[Source records]

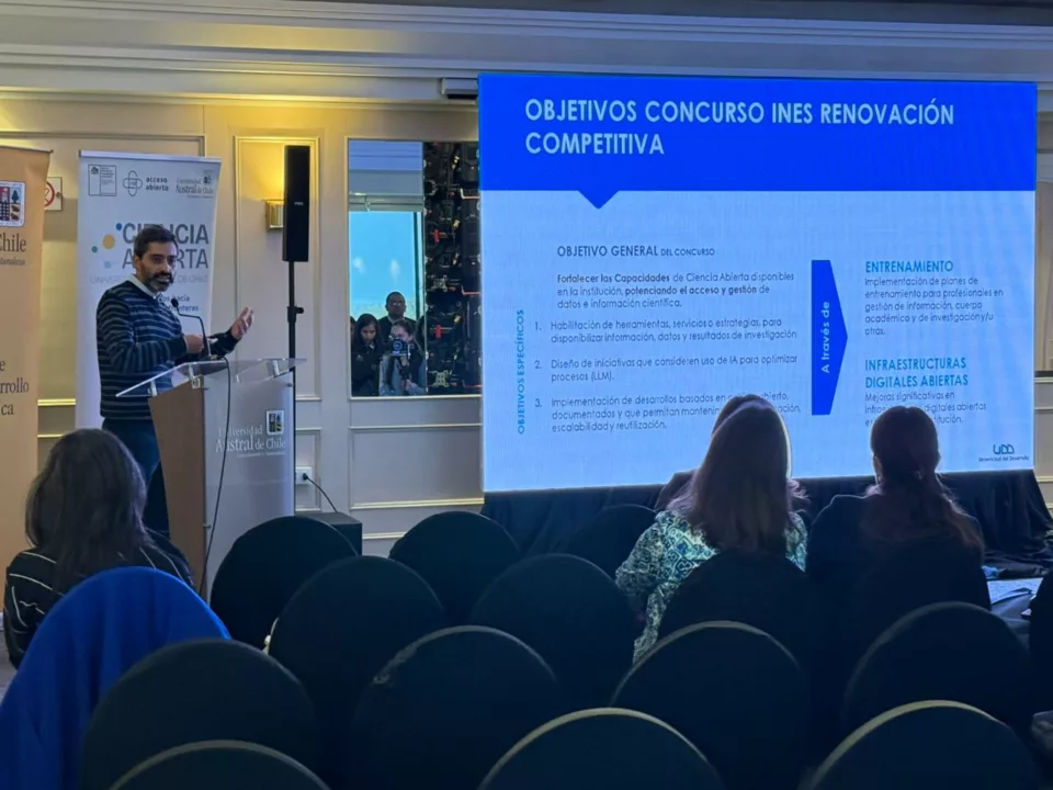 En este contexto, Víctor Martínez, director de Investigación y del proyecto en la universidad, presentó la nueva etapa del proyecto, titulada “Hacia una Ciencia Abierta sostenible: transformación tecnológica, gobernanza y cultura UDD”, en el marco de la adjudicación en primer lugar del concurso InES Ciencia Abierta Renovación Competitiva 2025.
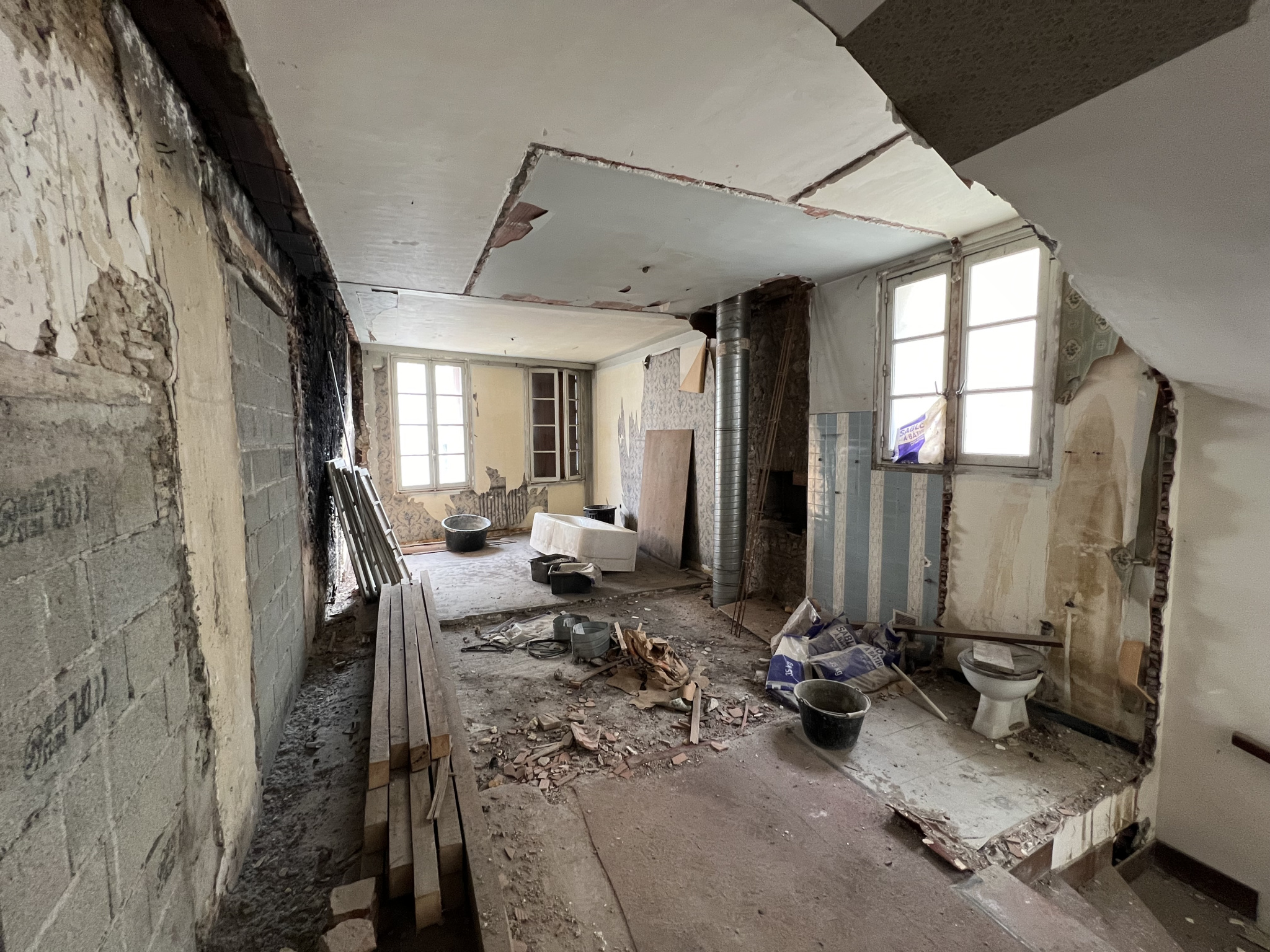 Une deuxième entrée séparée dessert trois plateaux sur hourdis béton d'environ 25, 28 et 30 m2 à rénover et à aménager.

[/Source records]
[Source records]

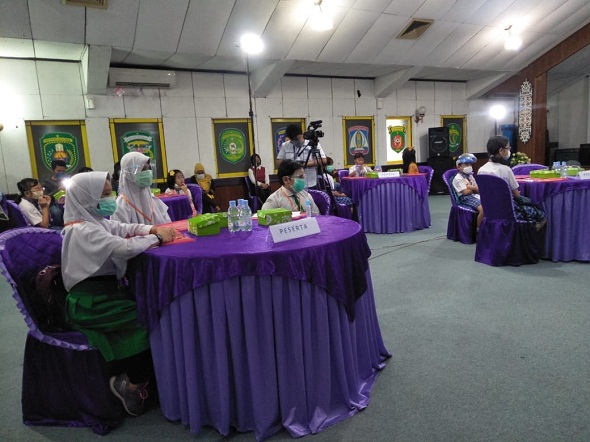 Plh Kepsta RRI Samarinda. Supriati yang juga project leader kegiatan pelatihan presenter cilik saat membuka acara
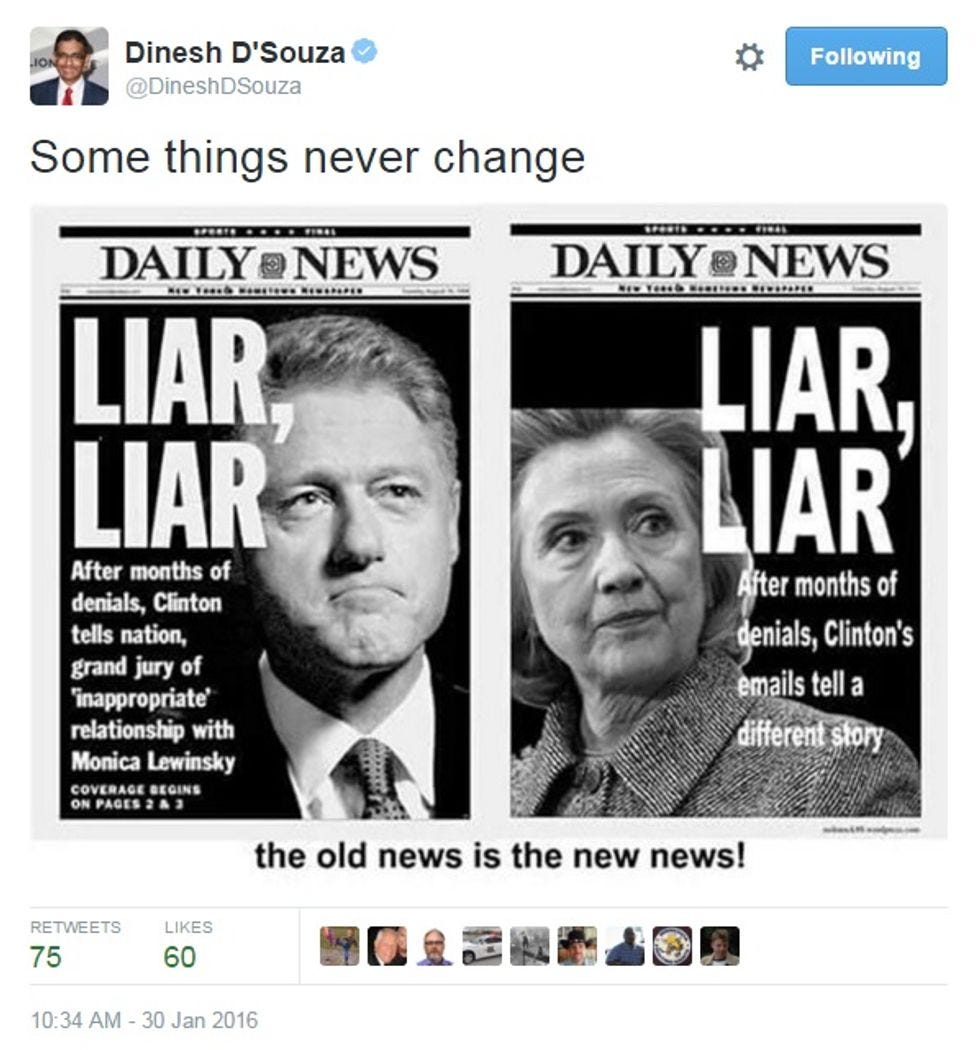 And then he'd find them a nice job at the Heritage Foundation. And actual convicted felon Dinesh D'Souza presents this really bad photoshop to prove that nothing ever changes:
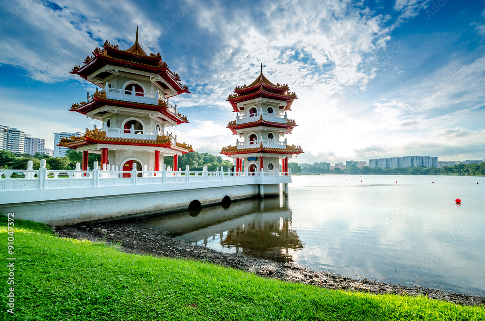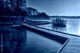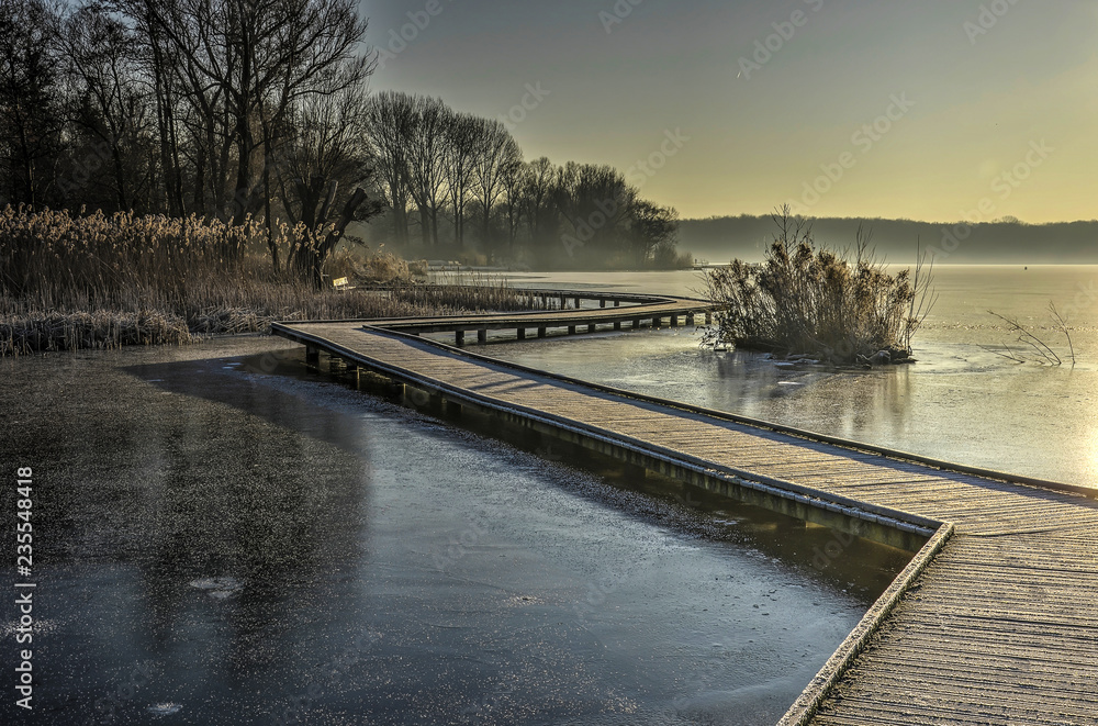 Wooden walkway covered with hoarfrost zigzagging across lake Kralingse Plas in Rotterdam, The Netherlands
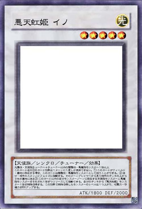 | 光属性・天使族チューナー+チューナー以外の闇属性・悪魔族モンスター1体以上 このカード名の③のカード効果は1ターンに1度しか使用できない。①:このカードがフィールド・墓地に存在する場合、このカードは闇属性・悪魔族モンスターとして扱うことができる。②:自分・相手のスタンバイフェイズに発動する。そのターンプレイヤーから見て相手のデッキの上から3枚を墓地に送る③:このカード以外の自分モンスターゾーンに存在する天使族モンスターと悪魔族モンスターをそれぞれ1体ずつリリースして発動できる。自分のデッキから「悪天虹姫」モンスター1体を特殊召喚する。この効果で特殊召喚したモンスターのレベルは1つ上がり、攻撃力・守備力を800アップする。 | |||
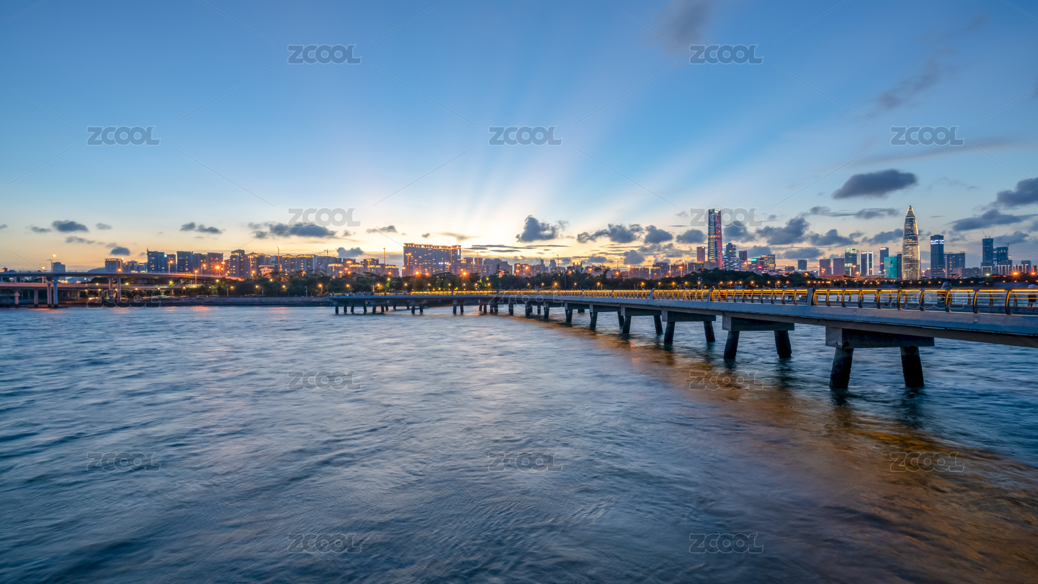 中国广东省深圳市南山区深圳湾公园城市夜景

[/Source records]
[Source records]

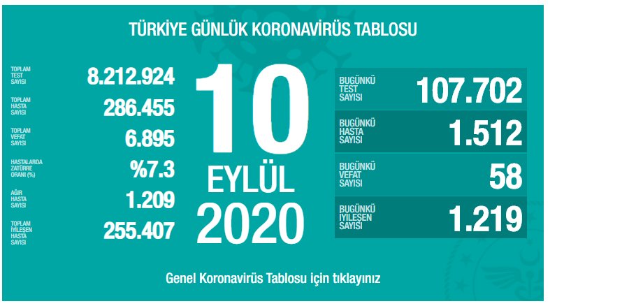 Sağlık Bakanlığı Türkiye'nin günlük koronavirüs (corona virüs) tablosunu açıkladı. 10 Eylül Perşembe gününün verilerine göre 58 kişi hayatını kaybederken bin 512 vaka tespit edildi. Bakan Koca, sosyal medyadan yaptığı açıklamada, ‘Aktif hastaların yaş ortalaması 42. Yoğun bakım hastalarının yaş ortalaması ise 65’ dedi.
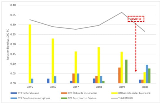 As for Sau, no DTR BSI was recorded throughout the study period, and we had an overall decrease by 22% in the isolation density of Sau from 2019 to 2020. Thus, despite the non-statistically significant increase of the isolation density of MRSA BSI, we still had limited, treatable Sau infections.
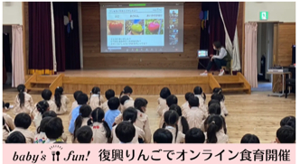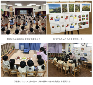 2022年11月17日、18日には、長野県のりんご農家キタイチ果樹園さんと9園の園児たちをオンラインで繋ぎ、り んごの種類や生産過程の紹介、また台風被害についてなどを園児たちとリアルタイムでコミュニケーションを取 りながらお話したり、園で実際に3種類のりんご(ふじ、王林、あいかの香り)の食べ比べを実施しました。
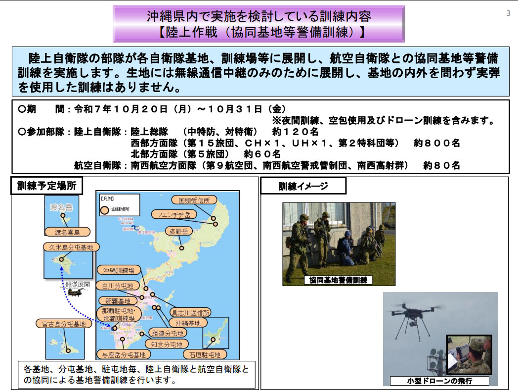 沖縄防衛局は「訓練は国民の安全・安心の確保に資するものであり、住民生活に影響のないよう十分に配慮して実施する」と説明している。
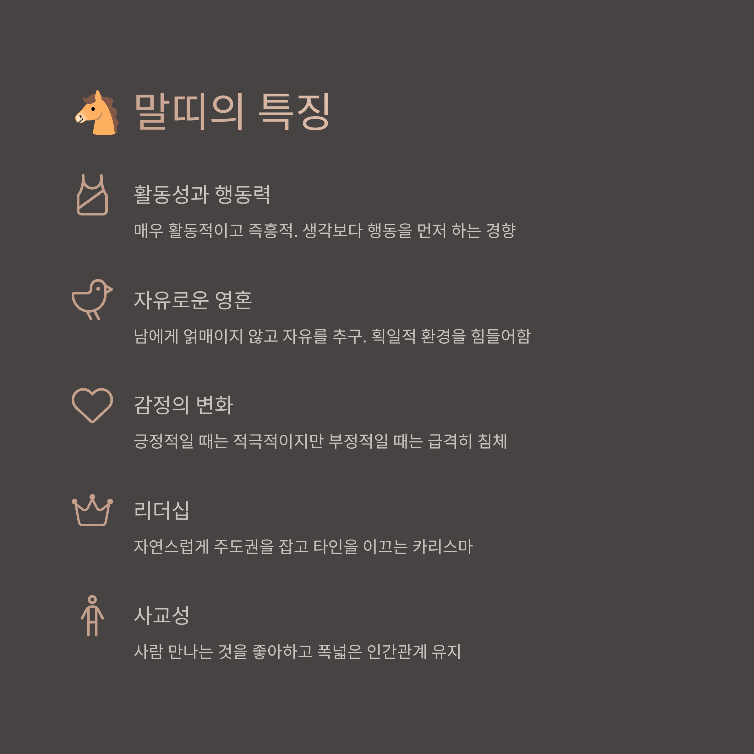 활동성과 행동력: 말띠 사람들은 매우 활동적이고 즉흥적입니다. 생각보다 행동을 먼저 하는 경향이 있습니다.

[/Source records]

▸ **Work order**:
When copying from the data above, begin at the line containing "沖縄防衛局は「訓練は国民の安" and end at the line containing "활동성과 행동력: 말띠"; return those lines exactly and leave all pictures behind.

▸ **Solution**:
 沖縄防衛局は「訓練は国民の安全・安心の確保に資するものであり、住民生活に影響のないよう十分に配慮して実施する」と説明している。
 활동성과 행동력: 말띠 사람들은 매우 활동적이고 즉흥적입니다. 생각보다 행동을 먼저 하는 경향이 있습니다.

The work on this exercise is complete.